● **Records for processing**:

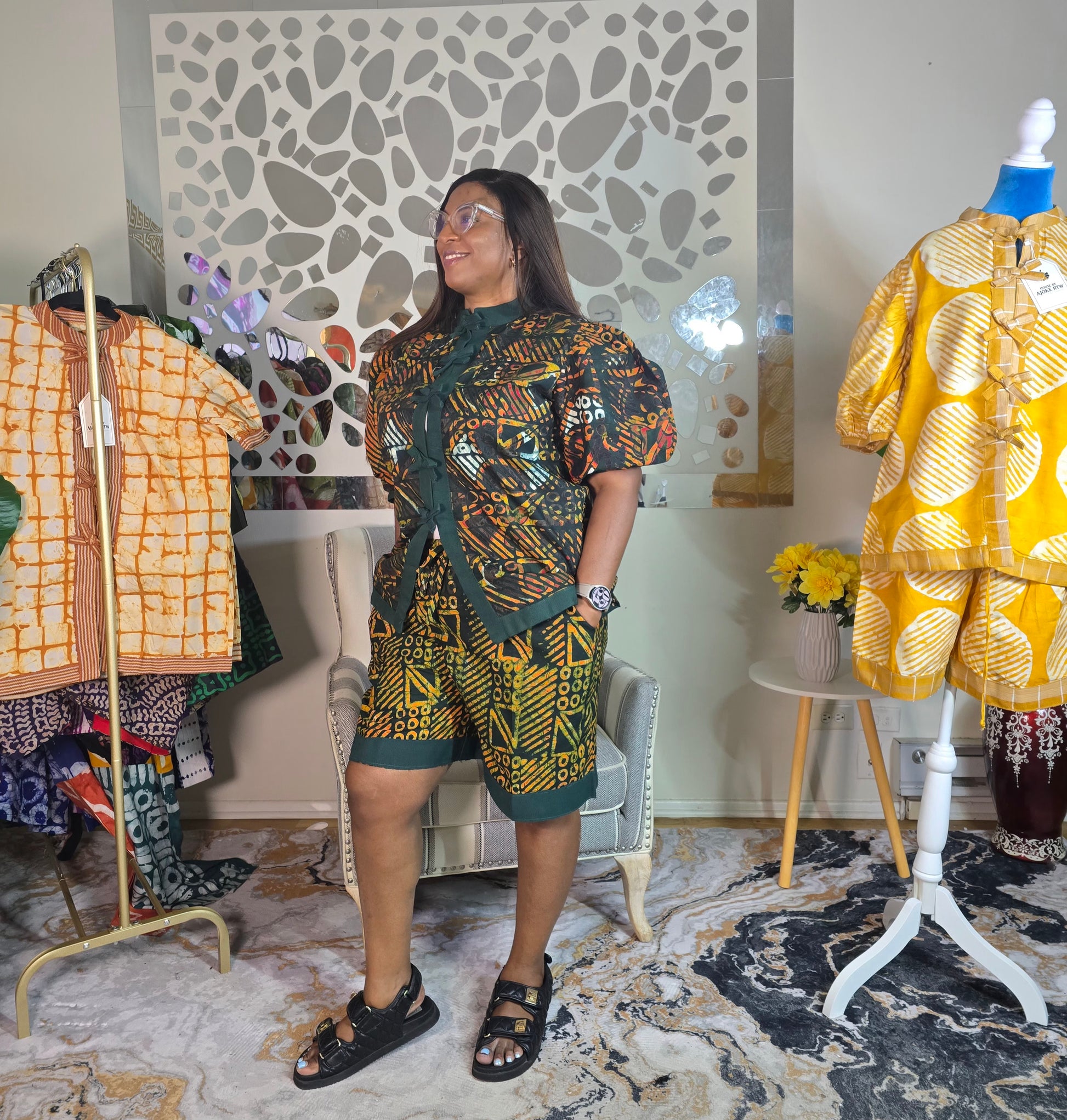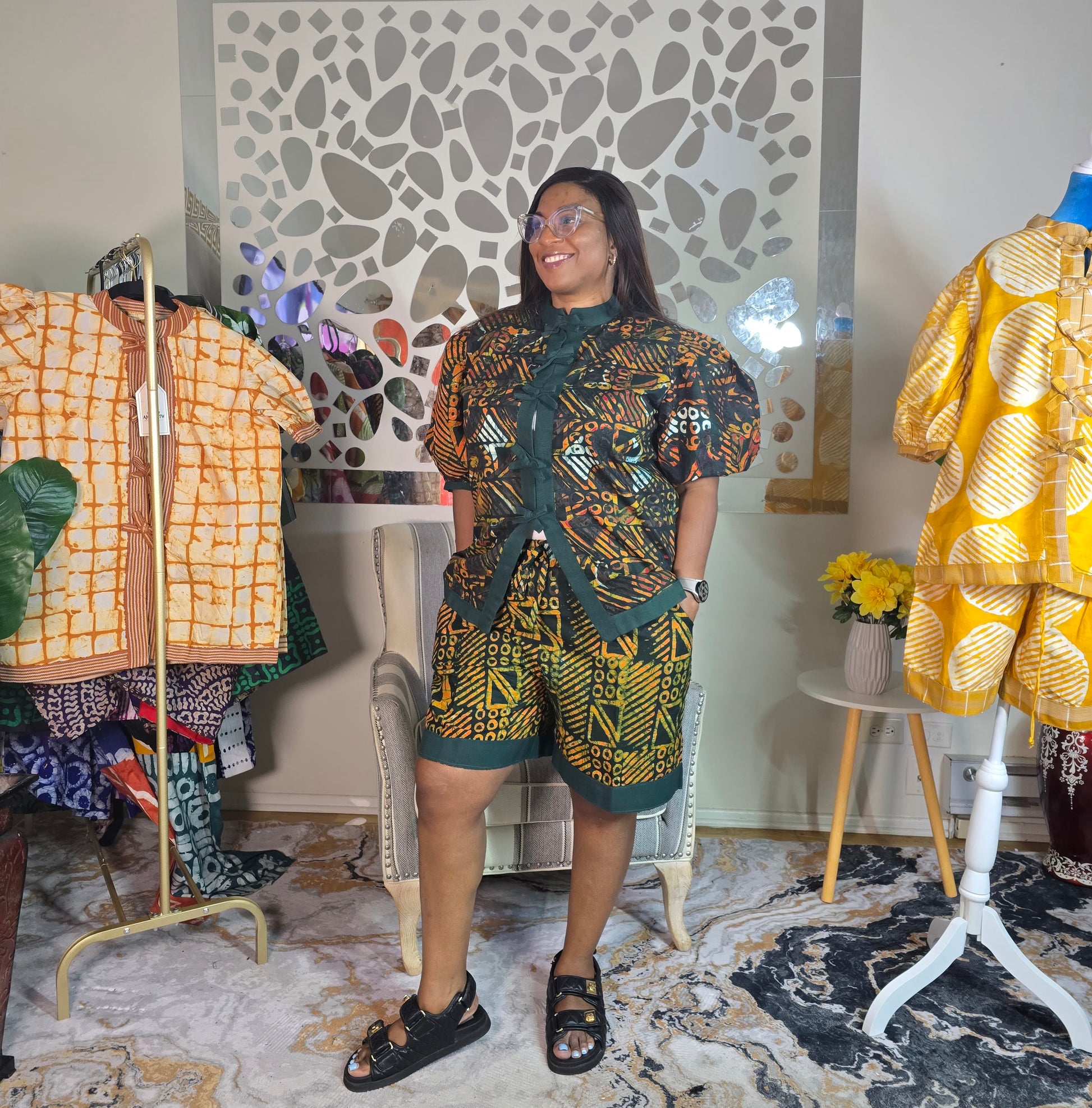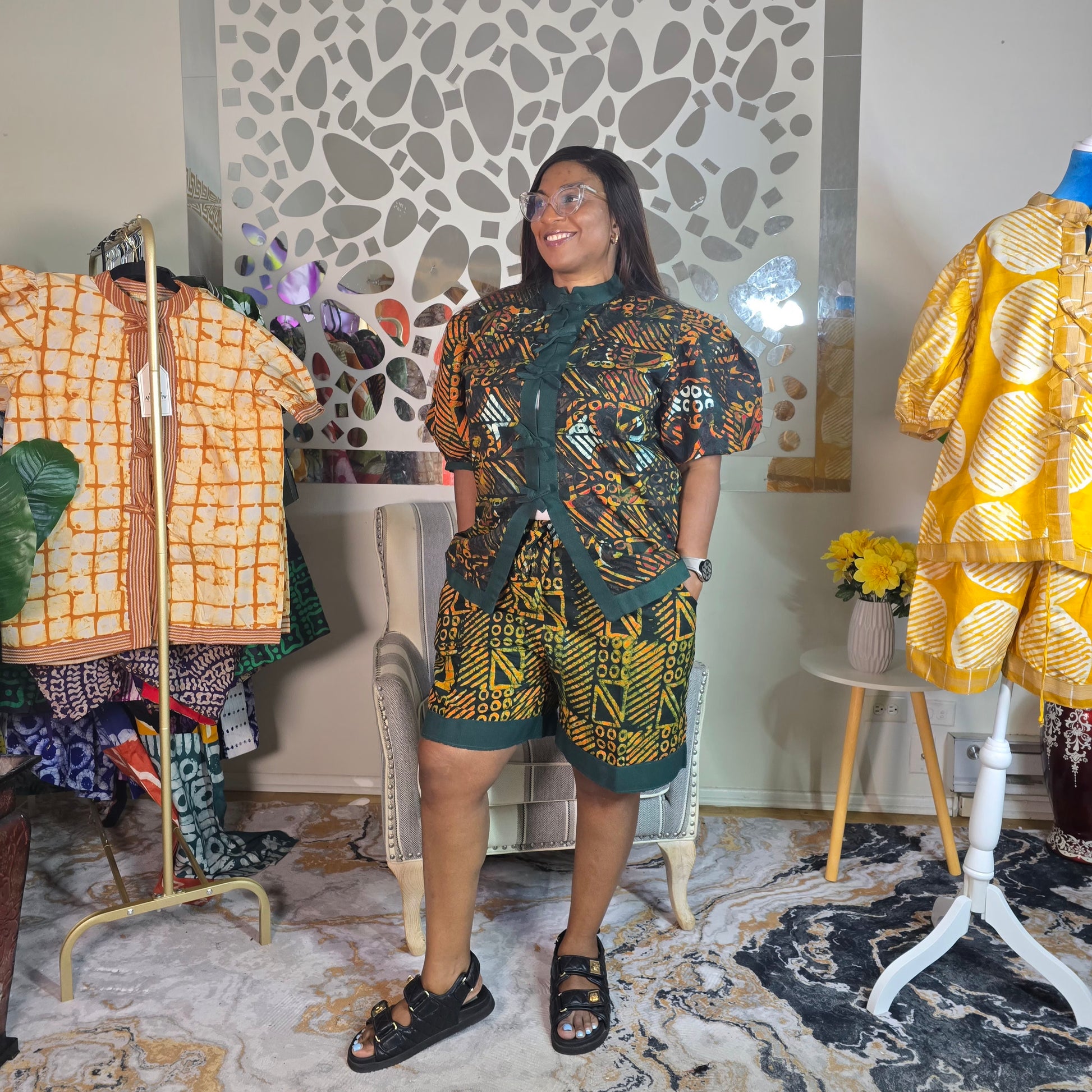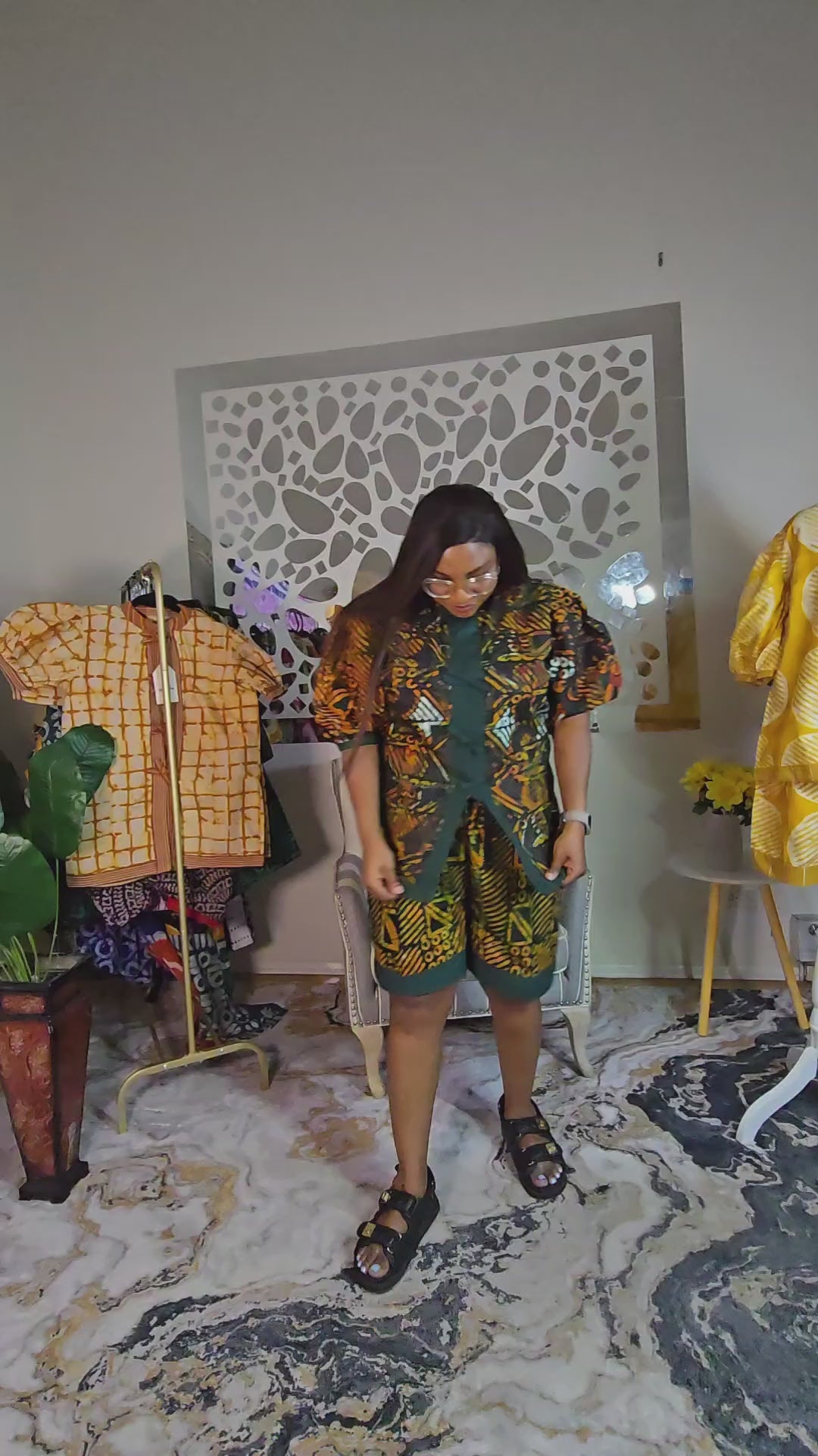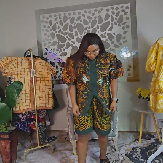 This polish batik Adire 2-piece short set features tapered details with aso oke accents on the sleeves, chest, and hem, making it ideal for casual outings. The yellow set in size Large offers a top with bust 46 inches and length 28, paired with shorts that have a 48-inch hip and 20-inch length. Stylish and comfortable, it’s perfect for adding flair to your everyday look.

* * *

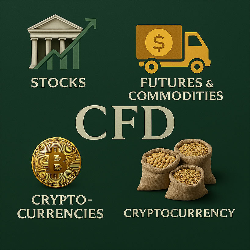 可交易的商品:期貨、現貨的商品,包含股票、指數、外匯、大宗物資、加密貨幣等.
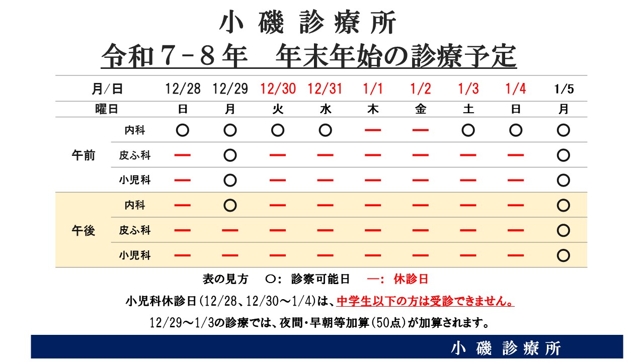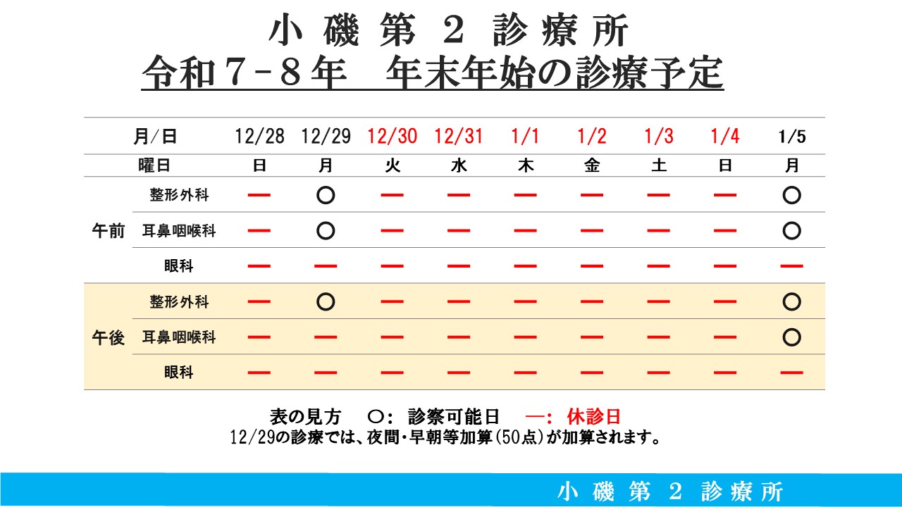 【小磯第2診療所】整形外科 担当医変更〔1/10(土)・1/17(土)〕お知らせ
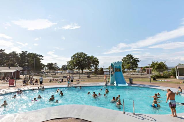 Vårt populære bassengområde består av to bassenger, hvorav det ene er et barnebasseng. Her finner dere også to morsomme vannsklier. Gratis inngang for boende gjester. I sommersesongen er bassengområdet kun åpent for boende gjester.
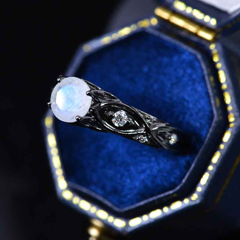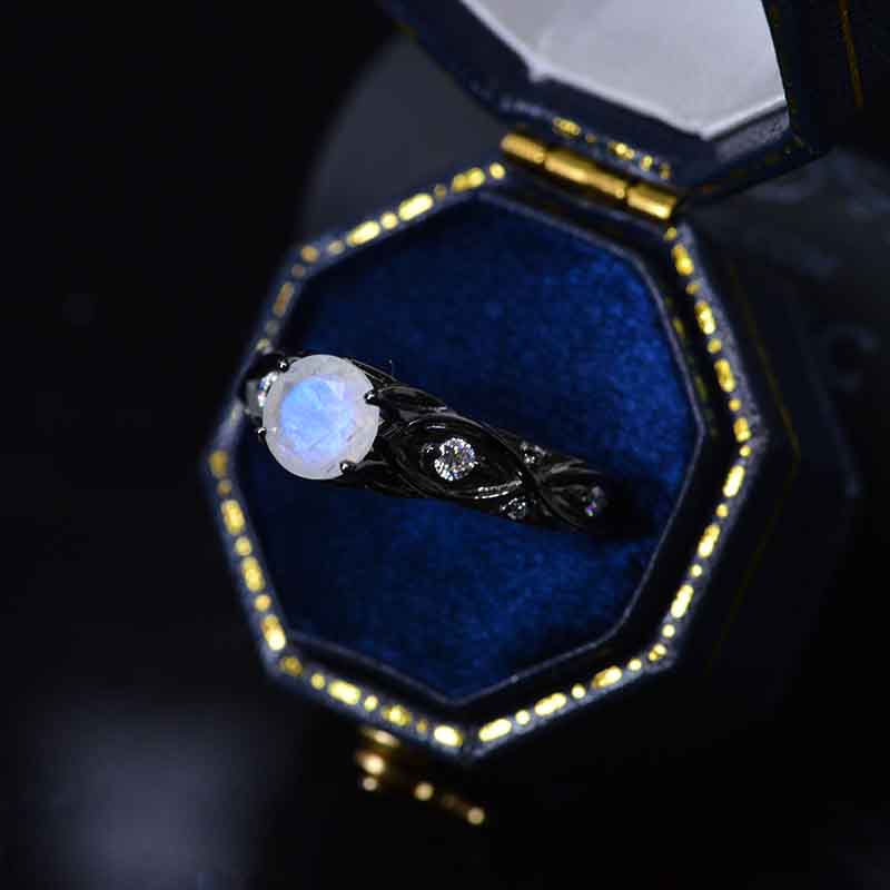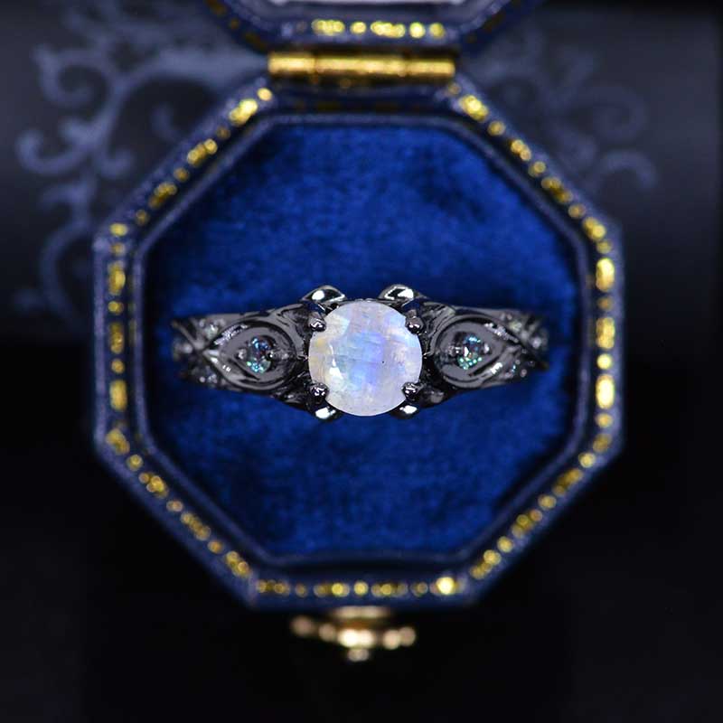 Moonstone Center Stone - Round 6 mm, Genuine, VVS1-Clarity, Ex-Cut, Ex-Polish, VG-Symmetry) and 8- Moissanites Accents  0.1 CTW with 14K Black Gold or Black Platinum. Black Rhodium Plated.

--

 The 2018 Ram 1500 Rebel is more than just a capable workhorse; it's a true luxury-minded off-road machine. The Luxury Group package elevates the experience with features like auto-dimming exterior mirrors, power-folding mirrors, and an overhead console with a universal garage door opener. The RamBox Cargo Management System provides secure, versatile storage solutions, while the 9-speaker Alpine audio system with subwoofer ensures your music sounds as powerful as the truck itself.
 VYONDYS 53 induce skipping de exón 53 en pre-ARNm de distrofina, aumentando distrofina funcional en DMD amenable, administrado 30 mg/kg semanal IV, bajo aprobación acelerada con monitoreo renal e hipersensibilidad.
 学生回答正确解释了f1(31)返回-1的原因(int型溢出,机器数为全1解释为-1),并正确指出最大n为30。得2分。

● **What is being asked**: From the listing above, repeat only the lines between the line containing "可交易的商品:期貨、現貨的商品,包含股票、指數、外匯、大宗物資、加密貨幣等." and the line containing "Moonstone Center Stone", those two included. Pictures are not part of the copy.

● **Output for this task**:
 可交易的商品:期貨、現貨的商品,包含股票、指數、外匯、大宗物資、加密貨幣等.
 【小磯第2診療所】整形外科 担当医変更〔1/10(土)・1/17(土)〕お知らせ
 Vårt populære bassengområde består av to bassenger, hvorav det ene er et barnebasseng. Her finner dere også to morsomme vannsklier. Gratis inngang for boende gjester. I sommersesongen er bassengområdet kun åpent for boende gjester.
 Moonstone Center Stone - Round 6 mm, Genuine, VVS1-Clarity, Ex-Cut, Ex-Polish, VG-Symmetry) and 8- Moissanites Accents  0.1 CTW with 14K Black Gold or Black Platinum. Black Rhodium Plated.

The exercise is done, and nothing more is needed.